From my experience this is the likeliest scenario. When stack is corrupt, it is really hard to tell for sure what would happen.
(*) For precise details how stack frame is constructed look for ABI - Application Binary Interface - for your architecture: for example IA-32 ABI for Intel i386 or AMD64 ABI for AMD64.
只是碰巧有足够的可用内存来存储额外的数据。您永远不应该依赖它并始终将数据保留在数组的范围内。
您的示例中实际允许的字符数是 7 个“标准”字符加上 NULL 字符(总共 8 个)。
There just happened to be enough free memory for you to store the extra data.
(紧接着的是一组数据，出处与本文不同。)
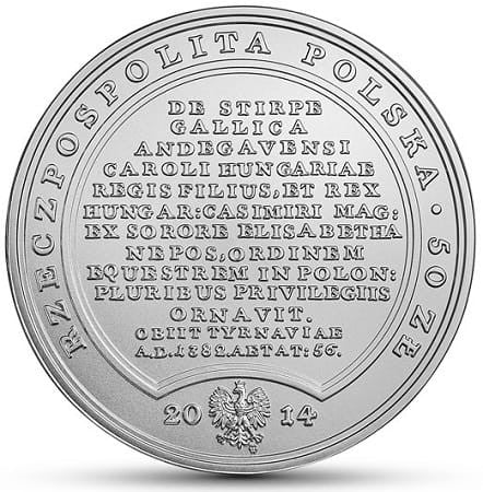 Na rewersie medalu (na awersie monety w skróconym tekście) czytamy w tłumaczeniu: Z rodu francuskiego, syn Karola Andegaweńskiego, króla Węgier, król węgierski, Kazimierza Wielkiego z siostry Elżbiety siostrzeniec, stan rycerski w Polsce wielu swobodami ozdobił. Umarł w Trnawie Roku Pańskiego 1382, mając lat 56, panując w Polsce lat 12, dnia 12 września.
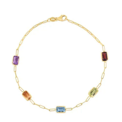 14K Yellow Gold Multi-Gemstone Paperclip with Lobster Clasp

You should never rely on that and always keep data within the bounds of the array.
The number of characters actually permitted in your example are 7 "standard" characters plus the NULL character (8 total).
在 C 中,没有什么可以阻止你越过数组的末尾。当您将字符串放入内存时,它将填充您的数组,然后继续填充内存,直到有东西真正阻止它为止。在较大的程序中,这可能意味着覆盖内存中的其他变量,从而导致很难追踪的错误。另外,在确定内存位置适合多大的字符串时,您可能需要考虑 C 如何找到字符串的结尾。
In C there is nothing stopping you from going past the end of an array. When you get the string into memory it will fill up your array, and then keep filling memory until something actually stops it. In larger programs this can mean overwriting other variables in memory, which leads to bugs that are very difficult to track down. On a separate note, you may want to think about how C finds the end of a string when determining how big of a string will fit in a memory location.